7 lbs Vienna Malt (3.5 SRM) Grain 70.00 %
3 lbs Pilsner (2 Row) UK (1.0 SRM) Grain 30.00 %
0.50 oz Pearle [8.40 %] (60 min) Hops 14.4 IBU
0.50 oz Tettnang [4.20 %] (45 min) Hops 6.6 IBU
0.50 oz Tettnang [4.20 %] (0 min) Hops -
1 Pkgs Safale US-05 (Fermentis #US-05) Yeast-Ale

Mash at 150 degrees for 60-75 minutes. Sparge to get boil volume. Boil for 60 minutes, and rapidly chill to 62 degrees. Add yeast, and ferment at 62 for 14 days. Rack into secondary, or keg, and crash cool until clear.

This beer was not originally mine- I found it somewhere here, but can't find the thread of who posted it. Will the real recipe-czar please confess? I made a few changes, to match my supplies, but other yeast strains can be used. German Ale yeast, at a cool ale temperature, would be wonderful.
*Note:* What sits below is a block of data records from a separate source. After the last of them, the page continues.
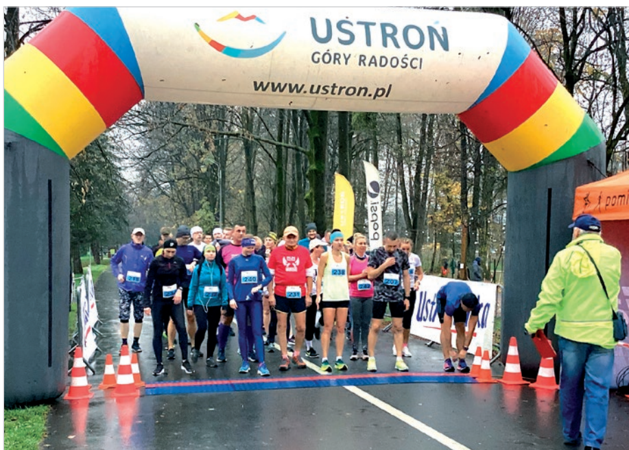
Przed startem na dystansie 5 km.
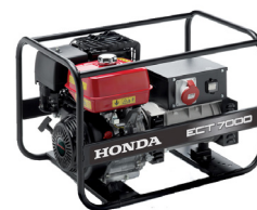
Honda ECT 7000
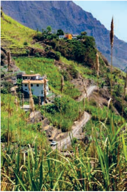
Weggetje en suikerriet in Ribeira do Paúl.

den en winkeltjes, en rond de huizen zie je velden met mais, suikerriet en bananenbomen. Op een rots hoog boven het stadje staat een beeld van Sint Antonius met kind op de arm, beschermheilige van onder meer vrouwen, kinderen, armen en reizigers.
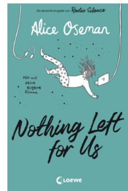
Nothing Left for Us (deutsche Ausgabe von Radio Silence)
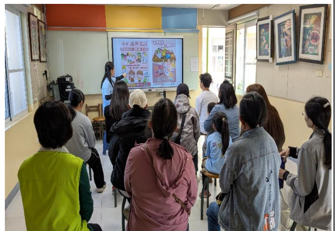
校慶時向家長宣導，請家長們留意新興毒品的包裝樣態
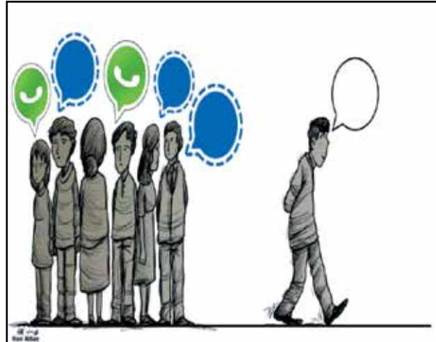
ما بين واتساب وتيلغرام (هاني عباس، فيسبوك)
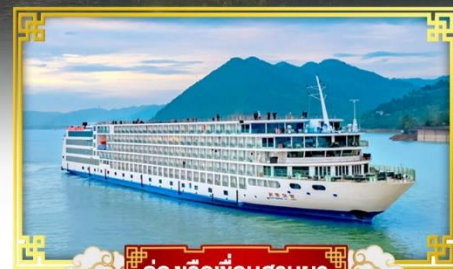
ล่องเรือเขื่อนสามผา
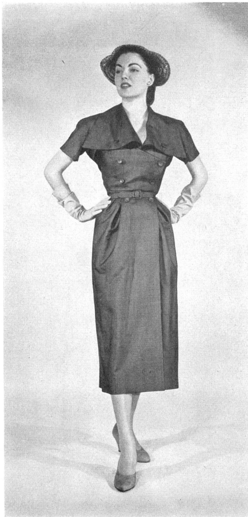
CHRISTIAN DIOR, NEW YORK Plain Super Miyako.

This beer tastes like a more flavorfull BMC.

Beersmith file: View attachment fyb.bsm

Due to my long and low temp mash, it finished at 1.008, lower than my goal of about 1.010-1.012. I thought it might be too dry, but it actually turned out perfect!
 
Vienna FTW! Gawd, this must be amazingly good. I'll have to give this a try in my quest to find a perfect thirst quencher for summer. :rockin:

It was wonderful. I "lagered" it for a couple of weeks in the keg and then "jumped" it into a new keg so there wouldn't be any sediment in it when I took it out to the lake. (Black QD, beerline, black QD- pushed with co2).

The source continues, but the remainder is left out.